Isolation and Characterization of Marine Caulobacters and Assessment of Their Potential for Genetic Experimentation

Nick Anast 1, John Smit 1,†,*
PMCID: PMC202545  PMID: 16347590

Abstract

A total of 25 marine caulobacters were isolated from littoral marine sources. Several aspects of their physiology and morphology were examined, as well as their suitability for genetic manipulation in laboratory cultivation. Caulobacters were readily isolated from all sources, including samples from areas containing pollution-related organic compounds. All isolates grew best in media containing seawater, but eight strains grew if sea salts were replaced with NaCl alone, three strains grew at 1/10 the normal sea salt concentration, and one isolate grew, albeit poorly, in freshwater medium. Of the marine isolates, 12 strains grew under anaerobic conditions, indicating that some caulobacters are not obligately aerobic bacteria, as they are currently categorized. Although some freshwater caulobacters are able to oxidize manganese, this capability was not found in these marine caulobacters. Of the marine isolates, 10 strains were resistant to mercury chloride concentrations 10- to 20-fold greater than that tolerated by sensitive bacteria. However, a mercury reductase gene comparable with that found in R100-type plasmids was not detected by gene hybridization. With respect to the potential for genetic experimentation, most strains grew rapidly (3- to 4-h generation time at 30°C), producing colonies on solid media in 2 to 3 days.
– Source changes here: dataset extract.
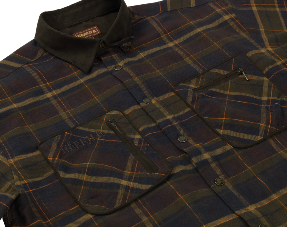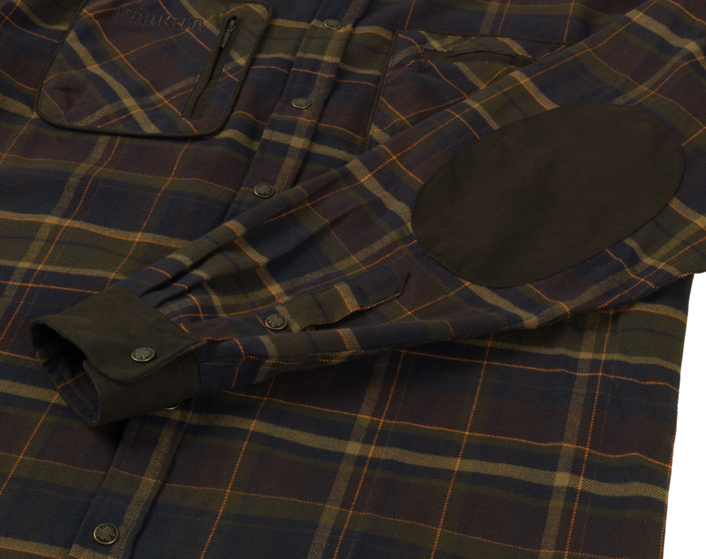 Koszula Pajala to flanelowa koszula w kratkę, zapinana na napy. Posiada wzmocnienia z mikro-zamszu i praktyczne kieszenie, na polowania i zajęcia na świeżym powietrzu.
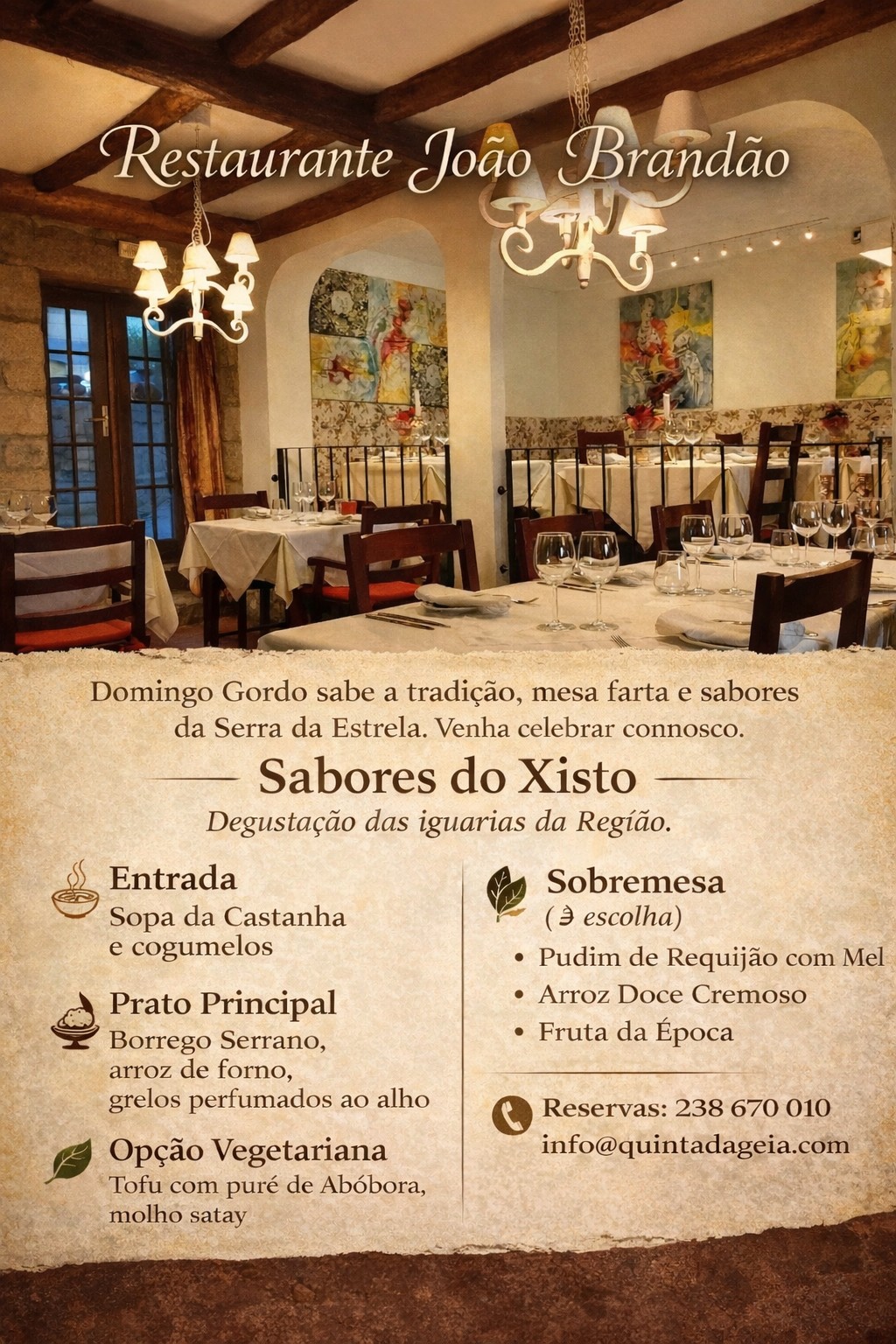 O Restaurante João Brandão, no Hotel Rural Quinta da Geia, convida a celebrar a tradição à mesa com a iniciativa Sabores do Xisto, uma degustação dedicada às iguarias típicas da Serra da Estrela, onde a autenticidade dos produtos regionais se cruza com a hospitalidade característica do território.

The isolates were sensitive to antibiotics commonly used in recombinant DNA experiments, and spontaneous drug-resistant mutants were selectable. Conjugal transfer of plasmids from Escherichia coli to several marine caulobacters was demonstrated for four broad-host-range plasmid incompatibility groups, by using both self-transmissible plasmids and cloning-oriented plasmids that require a helper plasmid. Conjugal transfer of broad-host-range plasmids between freshwater and marine caulobacters was also demonstrated in both directions. Native plasmids of approximately 100- to 150-kilobase sizes were found in 2 of the 25 marine Caulobacter strains. The native plasmids were present in relatively high copy number and appeared stable in laboratory culture. In short, the marine caulobacters appeared appropriate as candidates for genetic manipulation and the expression of selected genes in the marine environment.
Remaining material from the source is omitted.